--- Supplied material ---
• • • • •

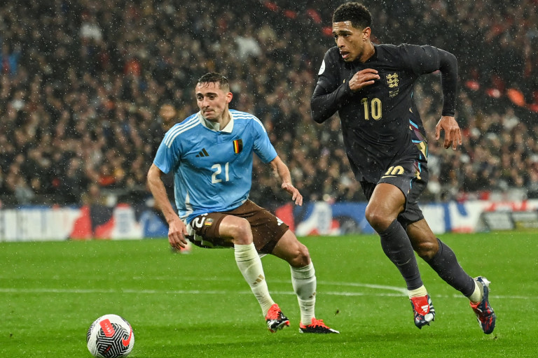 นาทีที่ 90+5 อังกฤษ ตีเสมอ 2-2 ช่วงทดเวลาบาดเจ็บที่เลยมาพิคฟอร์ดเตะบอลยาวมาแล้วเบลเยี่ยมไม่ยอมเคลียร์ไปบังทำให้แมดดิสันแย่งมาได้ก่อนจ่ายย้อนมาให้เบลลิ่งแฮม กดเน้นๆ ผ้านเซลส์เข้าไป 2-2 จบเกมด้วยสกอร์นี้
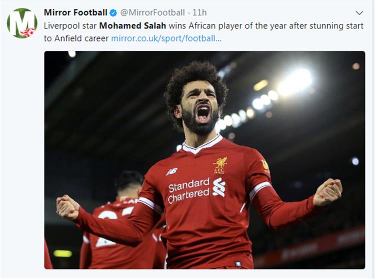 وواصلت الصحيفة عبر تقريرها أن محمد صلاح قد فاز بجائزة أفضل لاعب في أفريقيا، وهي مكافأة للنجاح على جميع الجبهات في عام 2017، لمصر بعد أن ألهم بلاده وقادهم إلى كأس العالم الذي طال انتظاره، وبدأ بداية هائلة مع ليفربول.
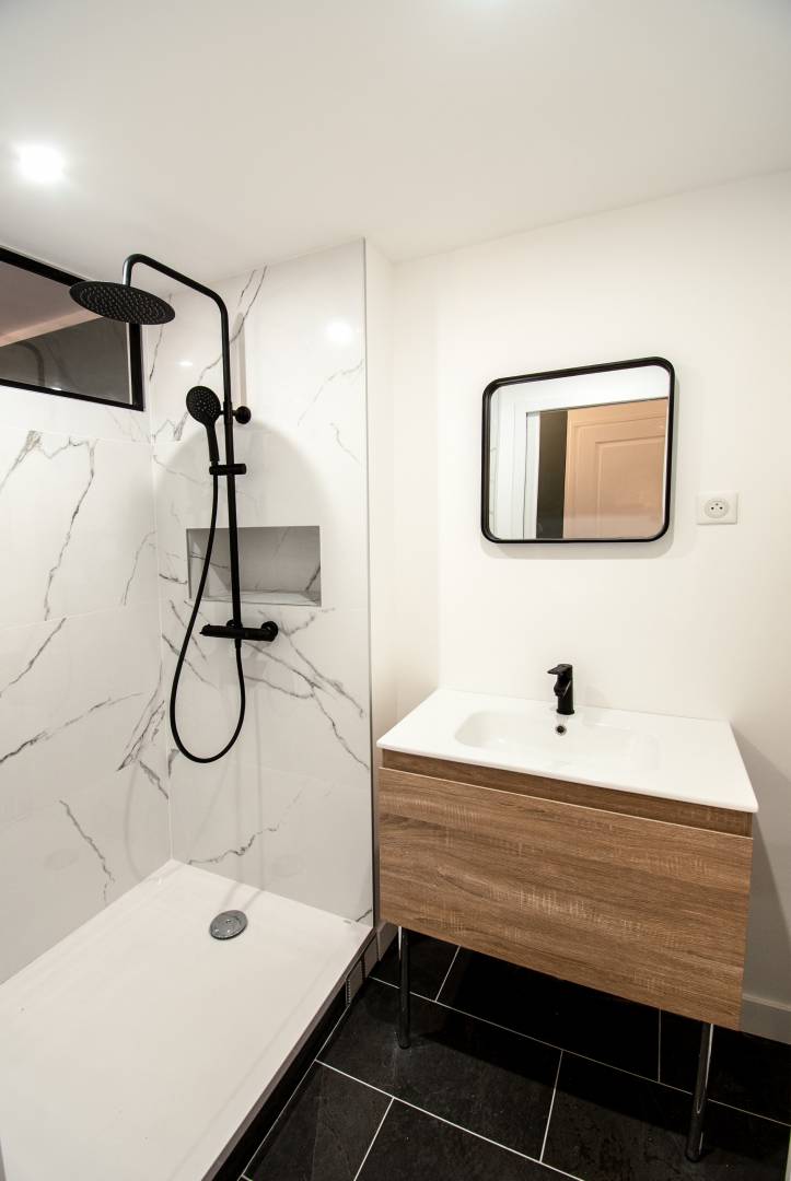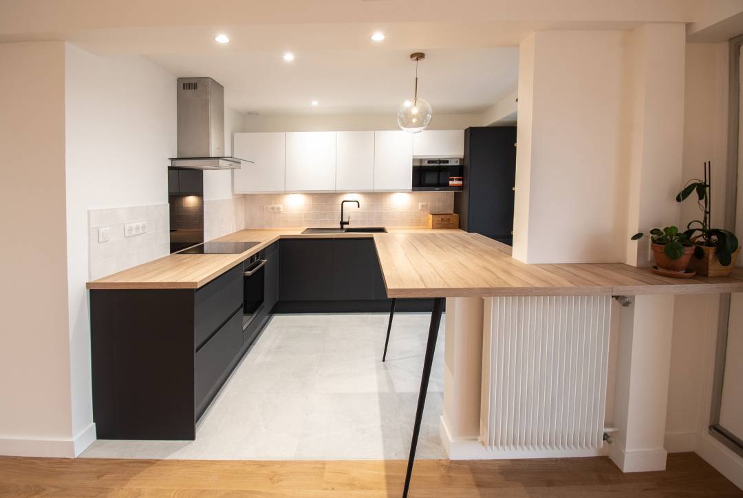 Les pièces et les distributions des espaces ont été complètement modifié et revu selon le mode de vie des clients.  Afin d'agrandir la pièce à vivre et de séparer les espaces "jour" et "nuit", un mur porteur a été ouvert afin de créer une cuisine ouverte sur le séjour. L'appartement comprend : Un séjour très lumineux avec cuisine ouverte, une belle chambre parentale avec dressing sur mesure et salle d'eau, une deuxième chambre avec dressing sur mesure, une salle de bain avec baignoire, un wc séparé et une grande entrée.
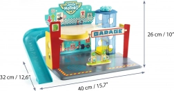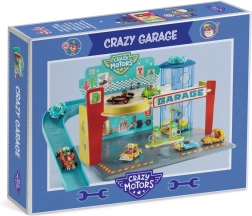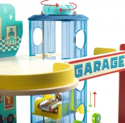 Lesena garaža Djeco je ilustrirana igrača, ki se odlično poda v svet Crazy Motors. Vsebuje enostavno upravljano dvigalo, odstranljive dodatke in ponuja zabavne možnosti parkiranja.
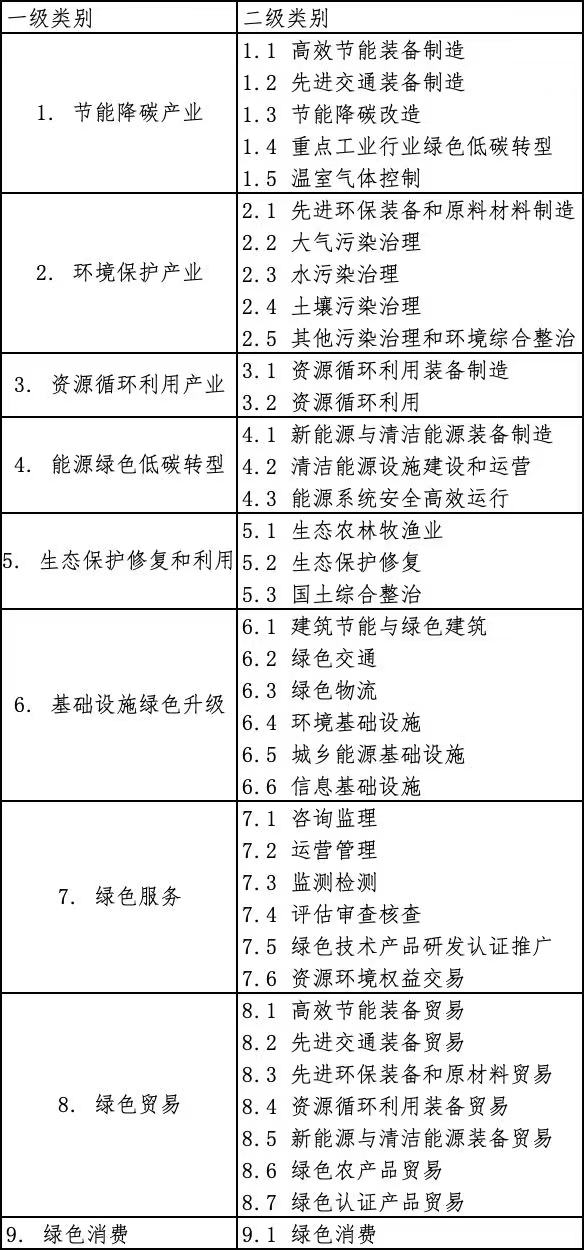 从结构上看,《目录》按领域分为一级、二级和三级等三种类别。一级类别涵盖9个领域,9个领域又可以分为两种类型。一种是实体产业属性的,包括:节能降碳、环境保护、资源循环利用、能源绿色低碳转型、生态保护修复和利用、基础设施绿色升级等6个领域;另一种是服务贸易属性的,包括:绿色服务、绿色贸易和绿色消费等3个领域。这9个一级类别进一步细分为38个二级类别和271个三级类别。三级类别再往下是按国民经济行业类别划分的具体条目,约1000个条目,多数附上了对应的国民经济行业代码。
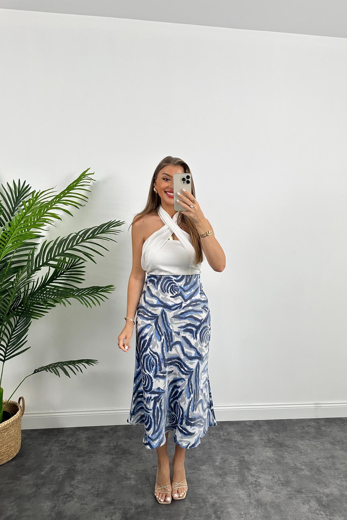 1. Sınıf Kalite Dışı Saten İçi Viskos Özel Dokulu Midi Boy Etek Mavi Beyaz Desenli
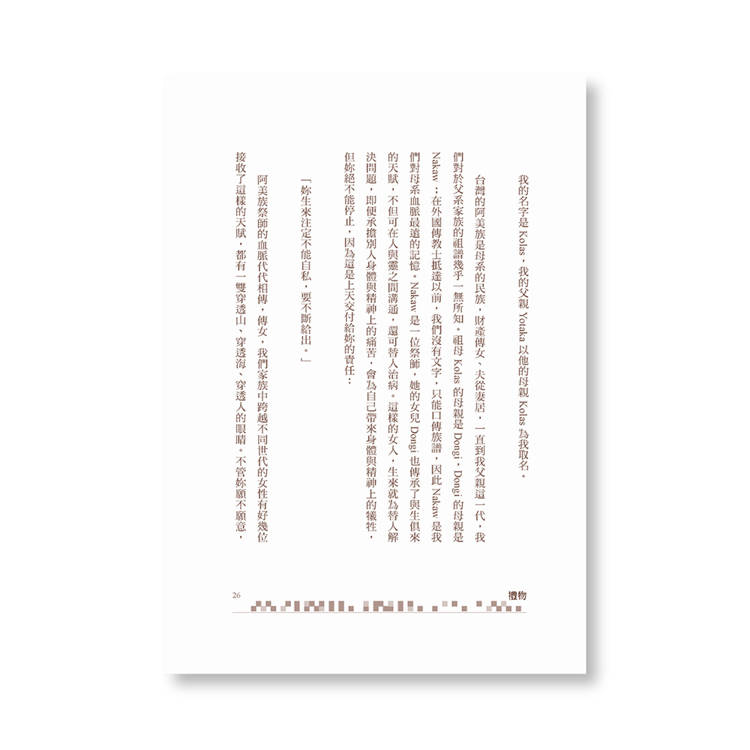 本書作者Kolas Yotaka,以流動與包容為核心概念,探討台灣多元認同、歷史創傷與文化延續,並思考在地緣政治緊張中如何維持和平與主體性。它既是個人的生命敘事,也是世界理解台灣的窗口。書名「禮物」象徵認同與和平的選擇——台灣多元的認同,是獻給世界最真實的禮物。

• • • • •

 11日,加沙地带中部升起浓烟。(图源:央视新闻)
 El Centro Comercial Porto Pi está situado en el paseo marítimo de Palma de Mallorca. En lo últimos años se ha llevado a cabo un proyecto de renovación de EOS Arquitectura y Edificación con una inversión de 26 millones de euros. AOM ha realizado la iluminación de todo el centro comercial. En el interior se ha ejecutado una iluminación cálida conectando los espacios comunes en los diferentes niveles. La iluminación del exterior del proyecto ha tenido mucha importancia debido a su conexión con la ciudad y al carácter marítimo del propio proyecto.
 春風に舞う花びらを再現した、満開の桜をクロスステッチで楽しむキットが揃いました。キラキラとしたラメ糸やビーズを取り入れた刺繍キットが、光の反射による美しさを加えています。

• • • • •

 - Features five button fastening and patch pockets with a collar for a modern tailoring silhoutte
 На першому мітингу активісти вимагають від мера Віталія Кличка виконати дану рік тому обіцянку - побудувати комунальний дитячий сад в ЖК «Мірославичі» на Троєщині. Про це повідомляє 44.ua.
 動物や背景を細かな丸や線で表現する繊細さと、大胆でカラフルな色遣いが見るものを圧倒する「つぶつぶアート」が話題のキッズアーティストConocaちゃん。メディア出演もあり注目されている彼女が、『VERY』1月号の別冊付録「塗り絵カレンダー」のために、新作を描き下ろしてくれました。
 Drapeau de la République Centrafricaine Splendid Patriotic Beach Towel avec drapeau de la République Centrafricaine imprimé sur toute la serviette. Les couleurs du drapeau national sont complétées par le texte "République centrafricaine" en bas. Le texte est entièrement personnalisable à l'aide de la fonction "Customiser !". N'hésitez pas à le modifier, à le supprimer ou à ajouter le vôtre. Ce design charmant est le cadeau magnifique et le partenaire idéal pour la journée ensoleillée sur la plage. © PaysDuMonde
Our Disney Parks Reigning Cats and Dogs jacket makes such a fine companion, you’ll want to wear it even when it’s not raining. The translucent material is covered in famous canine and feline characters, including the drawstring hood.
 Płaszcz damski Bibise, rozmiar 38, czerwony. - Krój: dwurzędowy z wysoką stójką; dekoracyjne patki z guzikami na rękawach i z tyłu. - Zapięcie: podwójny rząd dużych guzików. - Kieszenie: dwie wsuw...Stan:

• • • • •

--- What the exercise asks ---
What are the lines in the records above, word for word, from the one containing "นาทีที่ 90+5 อังกฤษ" through the one containing "Les pièces et", both ends included and pictures left out?

--- Written answer ---
 นาทีที่ 90+5 อังกฤษ ตีเสมอ 2-2 ช่วงทดเวลาบาดเจ็บที่เลยมาพิคฟอร์ดเตะบอลยาวมาแล้วเบลเยี่ยมไม่ยอมเคลียร์ไปบังทำให้แมดดิสันแย่งมาได้ก่อนจ่ายย้อนมาให้เบลลิ่งแฮม กดเน้นๆ ผ้านเซลส์เข้าไป 2-2 จบเกมด้วยสกอร์นี้
 وواصلت الصحيفة عبر تقريرها أن محمد صلاح قد فاز بجائزة أفضل لاعب في أفريقيا، وهي مكافأة للنجاح على جميع الجبهات في عام 2017، لمصر بعد أن ألهم بلاده وقادهم إلى كأس العالم الذي طال انتظاره، وبدأ بداية هائلة مع ليفربول.
 Les pièces et les distributions des espaces ont été complètement modifié et revu selon le mode de vie des clients.  Afin d'agrandir la pièce à vivre et de séparer les espaces "jour" et "nuit", un mur porteur a été ouvert afin de créer une cuisine ouverte sur le séjour. L'appartement comprend : Un séjour très lumineux avec cuisine ouverte, une belle chambre parentale avec dressing sur mesure et salle d'eau, une deuxième chambre avec dressing sur mesure, une salle de bain avec baignoire, un wc séparé et une grande entrée.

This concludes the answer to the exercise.